> Stored data
--------

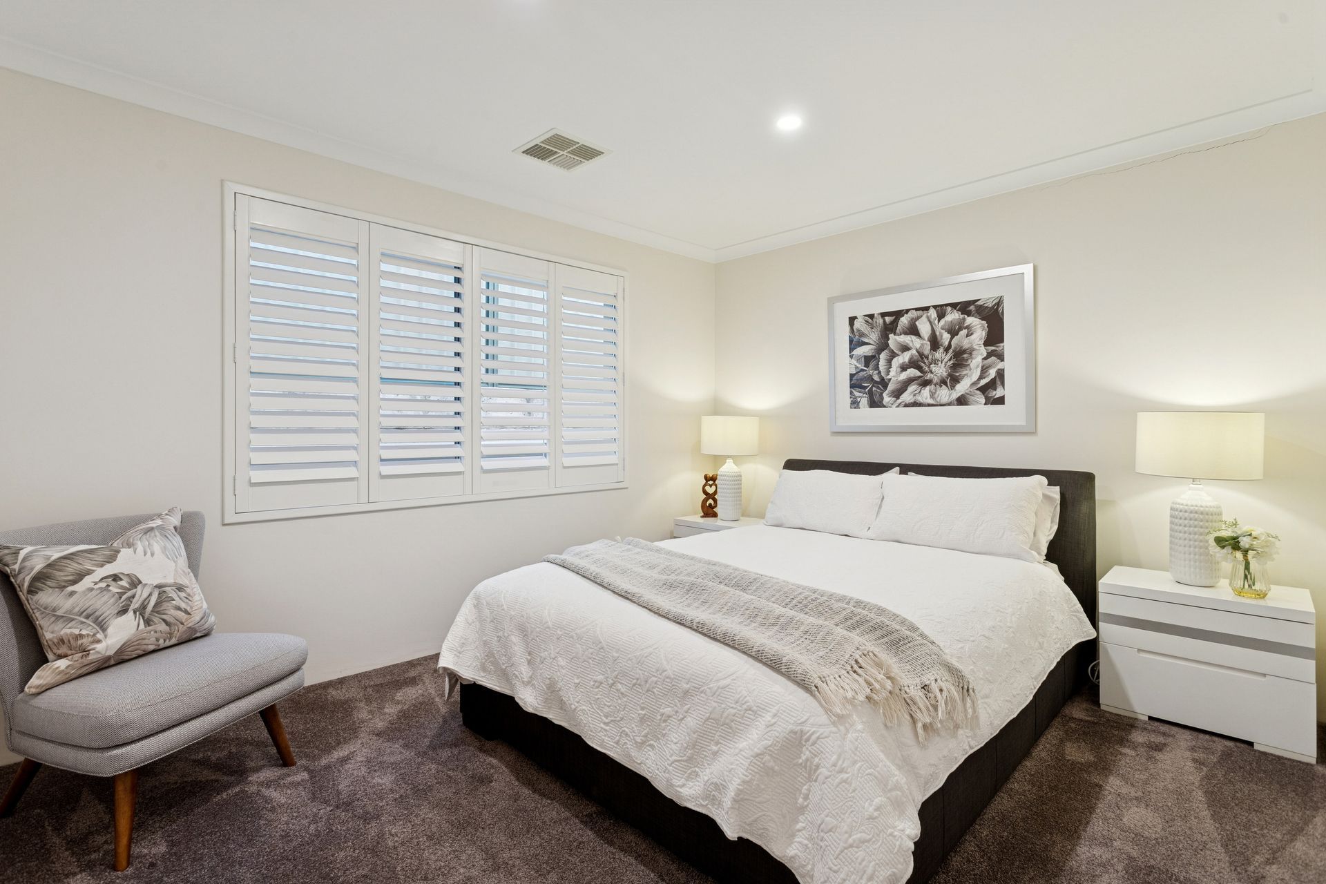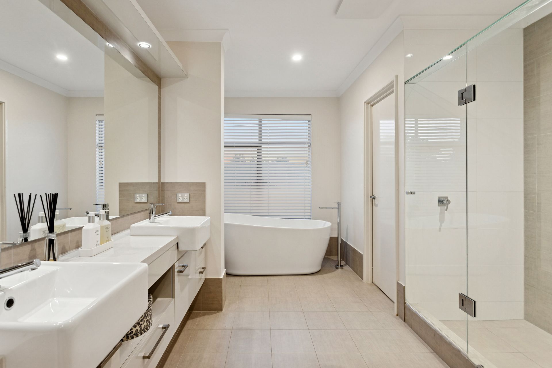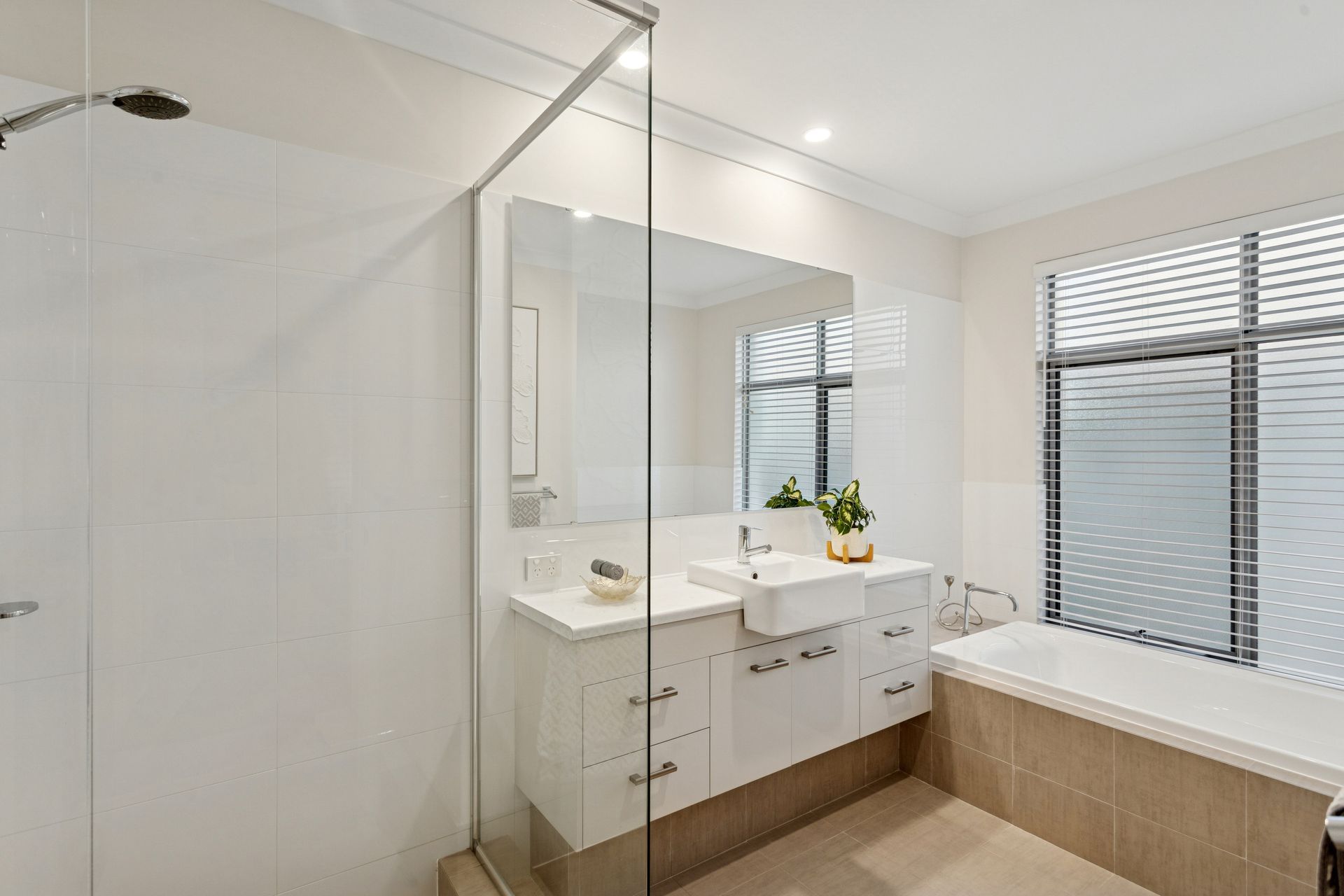 From the moment you step inside, the tone is set. High ceilings, refined finishes and a sense of calm sophistication create an atmosphere that feels both luxurious and welcoming. The master suite is nothing short of indulgent, generous in scale and beautifully detailed, complete with custom built-in furniture, elegant coving, an enormous walk-through fitted robe and a resort-style ensuite featuring dual vanities, a full-sized bath, oversized shower and full-height tiling.
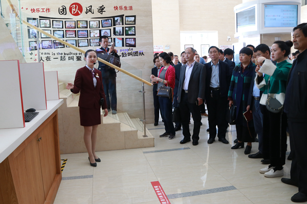 与会人员现场观摩了颍泉农商行的办公环境、文明创建氛围营造、档案整理、廉政文化长廊、楼道文化建设、大厅优质服务等创建工作开展情况。
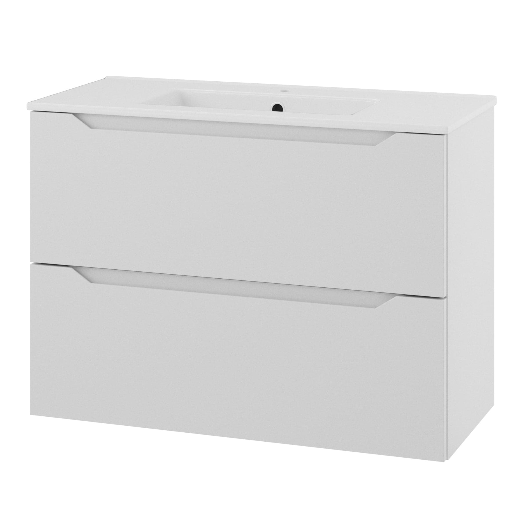 Emma Smal er en plassbesparende møbelserie med et standard utvalg og mange kombinasjoner. Serien har integrert grep og kombinerer det beste av design med en praktisk funksjonalitet. Du kan velge Emma baderomsmøbler i svart matt, hvit matt og eik farge.
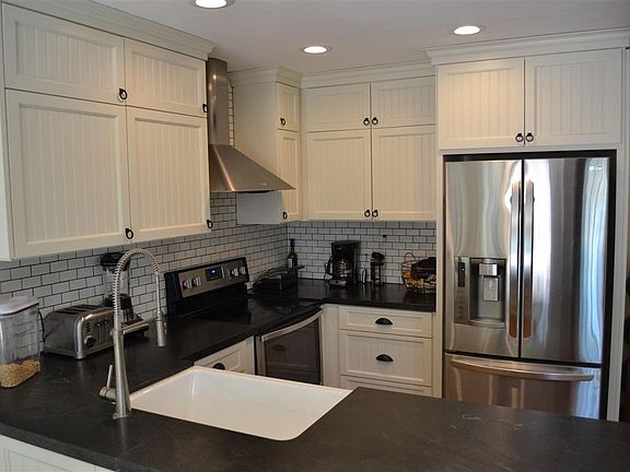 ~ Newer kitchen with SS appliances, range hood, dishwasher, farmhouse sink and matte black soapstone countertops.
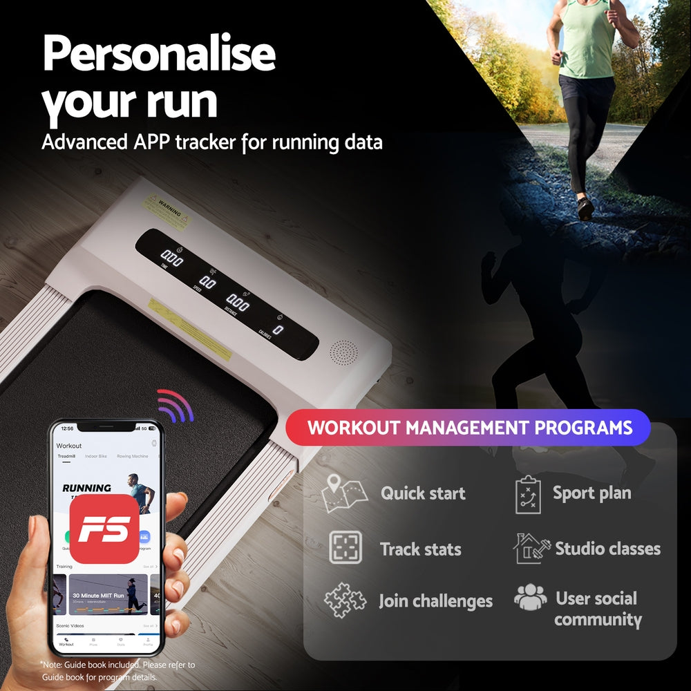 For a truly effective approach to weight loss and toning, our Everfit Walking Pad is your perfect companion. Compact and sturdy, the walking pad allows you to perform essential cardio exercises within the comfort of your home. It is foldable, easy to move, and comes ready to hit the ground running – no assembly required. Controlled by either the companion app or remote control, set up speeds of between 1km/h and 10km/h and monitor speed, time, distance and calories. Its powerful and energy-efficient motor produces smooth and seamless operation and the anti-slip belt phone holder makes your session a comfortable and controlled experience. The running belt uses an enhanced shock control system to help reduce the risk of joint injury, making the walking pad suitable for adults and seniors. When all the hard work is done, easily fold and store away the compact walking pad. Other great features include smooth wheels for easy mobility and Bluetooth speakers for entertainment while exercising. For health results that matter, our fitness walking pad is the one to run to.

--------

> Exercise details
Only the lines above from the one with "与会人员现场观摩了颍泉农商行" to the one with "black soapstone countertops." should be printed, both included and exactly as written; no picture belongs in the copy.

> Written solution
 与会人员现场观摩了颍泉农商行的办公环境、文明创建氛围营造、档案整理、廉政文化长廊、楼道文化建设、大厅优质服务等创建工作开展情况。
 Emma Smal er en plassbesparende møbelserie med et standard utvalg og mange kombinasjoner. Serien har integrert grep og kombinerer det beste av design med en praktisk funksjonalitet. Du kan velge Emma baderomsmøbler i svart matt, hvit matt og eik farge.
 ~ Newer kitchen with SS appliances, range hood, dishwasher, farmhouse sink and matte black soapstone countertops.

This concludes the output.